Start of Data supplied

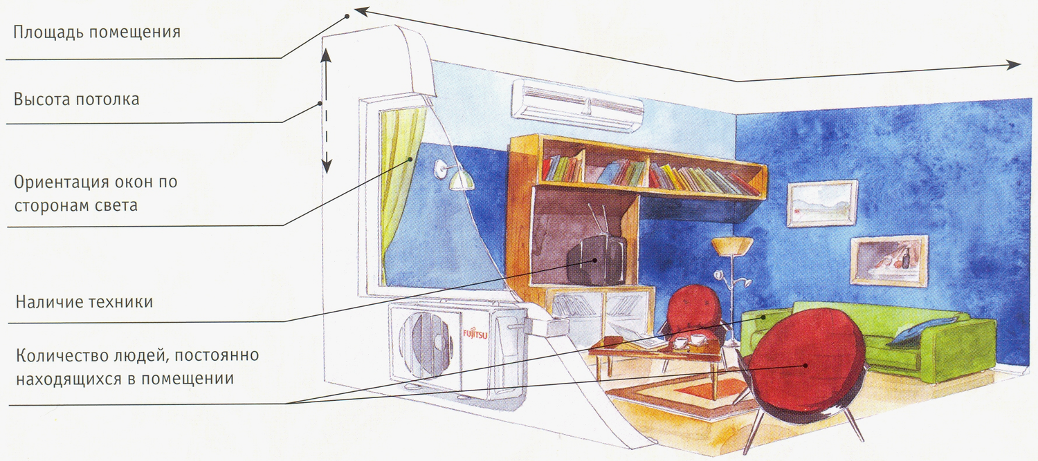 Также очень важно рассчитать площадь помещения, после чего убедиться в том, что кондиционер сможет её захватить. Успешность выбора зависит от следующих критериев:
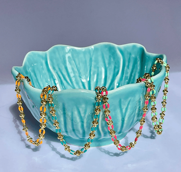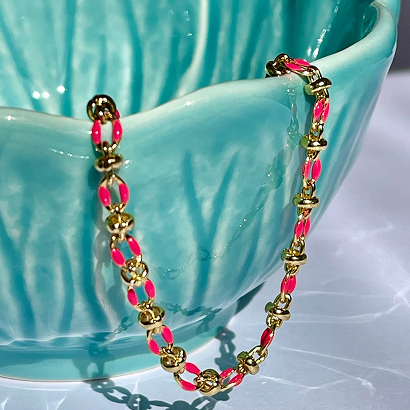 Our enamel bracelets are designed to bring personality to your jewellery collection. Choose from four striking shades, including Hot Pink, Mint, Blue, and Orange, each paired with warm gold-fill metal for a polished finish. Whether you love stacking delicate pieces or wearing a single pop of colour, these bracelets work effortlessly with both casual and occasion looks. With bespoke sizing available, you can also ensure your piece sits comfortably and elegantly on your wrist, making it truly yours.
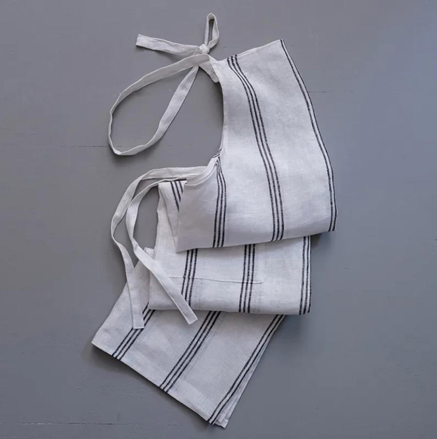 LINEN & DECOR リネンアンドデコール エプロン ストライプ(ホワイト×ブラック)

End of Data supplied
Start of Data supplied

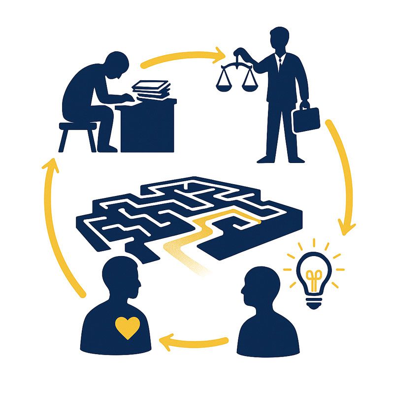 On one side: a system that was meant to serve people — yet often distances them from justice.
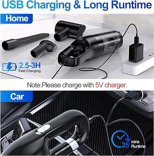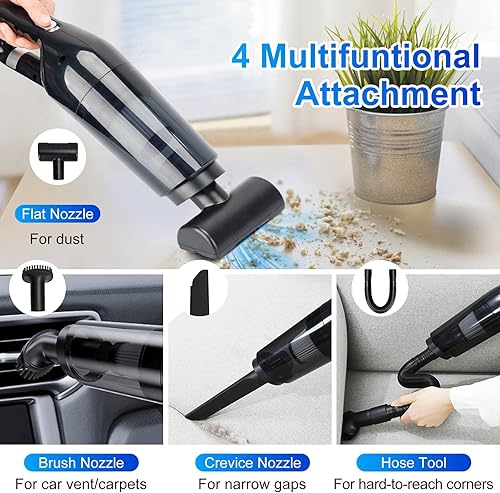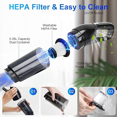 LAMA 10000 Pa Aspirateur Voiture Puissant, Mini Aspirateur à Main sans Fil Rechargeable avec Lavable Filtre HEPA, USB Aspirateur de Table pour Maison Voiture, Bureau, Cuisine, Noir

End of Data supplied
Start of Data supplied

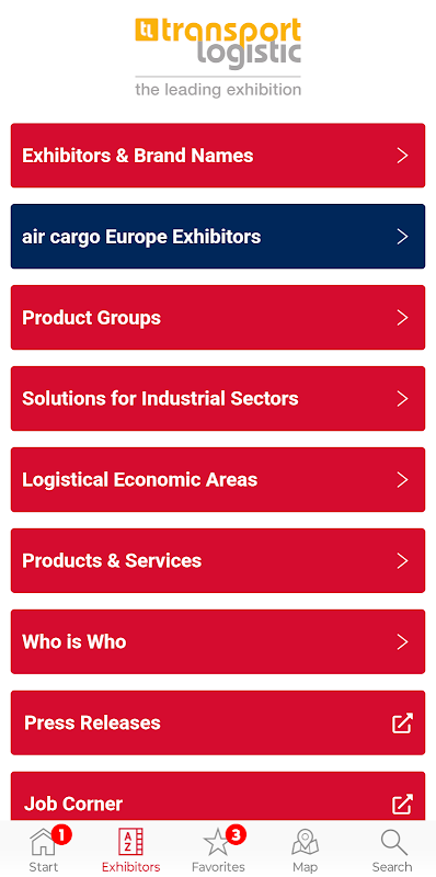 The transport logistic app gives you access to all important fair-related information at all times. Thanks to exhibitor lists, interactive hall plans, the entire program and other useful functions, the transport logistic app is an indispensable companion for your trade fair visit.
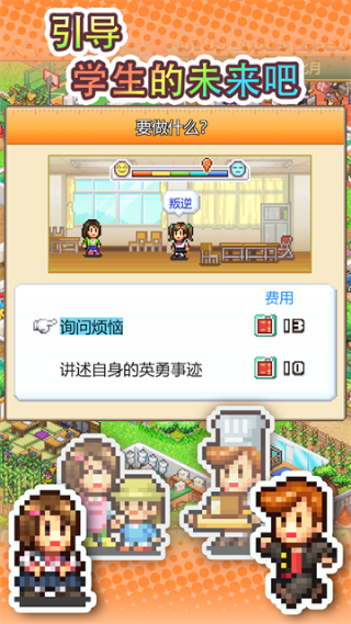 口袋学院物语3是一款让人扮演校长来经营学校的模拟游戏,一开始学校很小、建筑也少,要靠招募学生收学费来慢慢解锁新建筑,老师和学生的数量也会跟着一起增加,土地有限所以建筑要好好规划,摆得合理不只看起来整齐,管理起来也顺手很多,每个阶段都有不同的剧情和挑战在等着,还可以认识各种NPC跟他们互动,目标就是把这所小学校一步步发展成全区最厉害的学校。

End of Data supplied

# What this task involves:
From the records above, quote word for word only the lines beginning at the line that has "Также очень важно" and stopping after the line that has "LINEN & DECOR". Omit the pictures.

# Task response:
 Также очень важно рассчитать площадь помещения, после чего убедиться в том, что кондиционер сможет её захватить. Успешность выбора зависит от следующих критериев:
 Our enamel bracelets are designed to bring personality to your jewellery collection. Choose from four striking shades, including Hot Pink, Mint, Blue, and Orange, each paired with warm gold-fill metal for a polished finish. Whether you love stacking delicate pieces or wearing a single pop of colour, these bracelets work effortlessly with both casual and occasion looks. With bespoke sizing available, you can also ensure your piece sits comfortably and elegantly on your wrist, making it truly yours.
 LINEN & DECOR リネンアンドデコール エプロン ストライプ(ホワイト×ブラック)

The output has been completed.